09/30/2013 06:11 pm ET Updated Nov 30, 2013

Lane Kiffin Self-Destructed at USC

Old Trojans don't die, they just move to Newport Beach. Wealthy alums here venerate a winning USC football tradition. Houses hang USC banners and flags, Cardinal and gold colors are everywhere. I am grudgingly tolerated as a Cal-Berkeley alum. A whole lifestyle revolves around SC football in Southern California.

The alums here were furious at the performance of the team this year and the direction they felt the program. Alums here make major gifts to the Athletic Department, and the disgust felt with Lane Kiffin made it certain that his days as head coach were about to end.

Athletic Director Pat Haden was a major star at quarterback for the football team back in the 1970's. He epitomizes the spirit of Troy. He was successful as a pro player, as an attorney/investor, as a television analyst. He is whip smart and as he watched the team get blown out at Arizona State, a defense that gave up 61 points, it was the final straw. And he pulled the plug mid-season.

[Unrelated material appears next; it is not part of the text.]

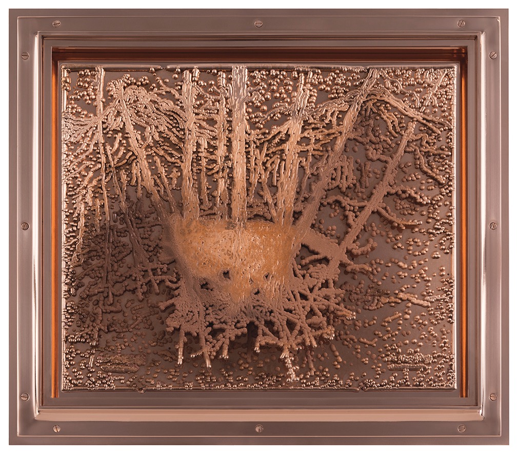 Matthew Barney, Reintroduction: State four, 2018. Electroplated copper plate in copper frame. © Matthew Barney. Image courtesy Gladstone Gallery.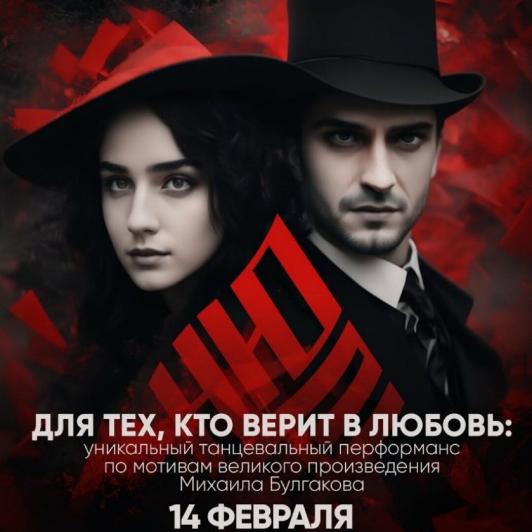14 февраля «Нюра» приглашает на спектакль по мотивам великого романа «Мастер и Маргарита» Михаила Булгакова. Короткая постановка в нескольких танцевальных актах, которая расскажет вам о вечной истории любви!

USC has always benefited from its location in Southern California when it comes to recruiting. 14 million people live within a couple of hours of the campus and enough football talent plays at the HS level here to stock multiple programs at the highest level. Recruiting had fallen off this year, and as the disasters piled up it was likely that recruits would shy away and pick other schools. Kiffin did not create the restrictions on depth, which came from prior NCAA sanctions. Watching WR Marquise Lee, their best player, participate on special teams showed how thin that depth really was. SC has virtually unmatched tradition, a wonderful campus, state of the art facilities, great weather, and when they can't recruit well it doesn't make sense.

Lane Kiffin appeared to lose the confidence of the players. He could not decide on a starting quarterback all summer. That is a position that requires the most learning and reps possible. He insisted on calling plays and the offense was conservative and unproductive. This is much of the same team that was rated #1 in preseason polls in 2012. SC has had a long tradition of halftime adjustments that allowed them to dominate in the second half. But this year they seemed to play worse as the game went on. This is the school that produced Heisman Quarterbacks Matt Leinart and Carson Palmer, and should have a reservoir of talent at the position waiting their turn to start.

Kiffin unnecessarily had an often contentious and secretive approach towards the press in Los Angeles. He had a series of incidents that reflected on the integrity of the institution. It is not easy to follow former Coach Pete Carroll, who became an icon in Southern California, but weak people skills will not work.

There is a heavy classic rivalry between USC and UCLA. Trojan fans watched Coach Jim Mora completely turn around a UCLA program, which had years of losing. That program is on the rise, with a Heisman type quarterback and great defense. Although UCLA has had great players and success in the past, Los Angeles was an area dominated by SC football and UCLA basketball.

Massive revenue flows from a winning football team. Not only does the athletic program benefit from alumni largesse, it seems to motivate overall giving to the school. Success on the gridiron affects television and radio rights, marketing and sponsorships, memorabilia sales and the ability to fill the Coliseum with higher priced seats.

Ed Ogeron is the interim replacement but SC needs a charismatic figure who can handle the team, the press, alums, recruiting and everything that goes into a program. A college football coach has more ability to shape a program then any other type of coach. He has to go out and sell to produce his roster. Football, with over a hundred players, is an organizational challenge. He has to recruit young men still in adolescence, and project their developmental curve over four years. These are young men, often not totally mature, in large numbers, they have to be students to stay eligible. The ability to relate to and motivate, one of Pete Carroll's strengths--is critical.

Has the head coaching job at USC lost it's allure and desirability? No. Sanctions will ease over time. The resources available to support the program are stunning. The new coach does not need to compete with Carroll's shadow. And USC along with Alabama, Ohio State, Texas, Notre Dame and others is still a mecca for potential football greatness. Trust athletic director Pat Haden to make a wise choice that restores the SC heritage.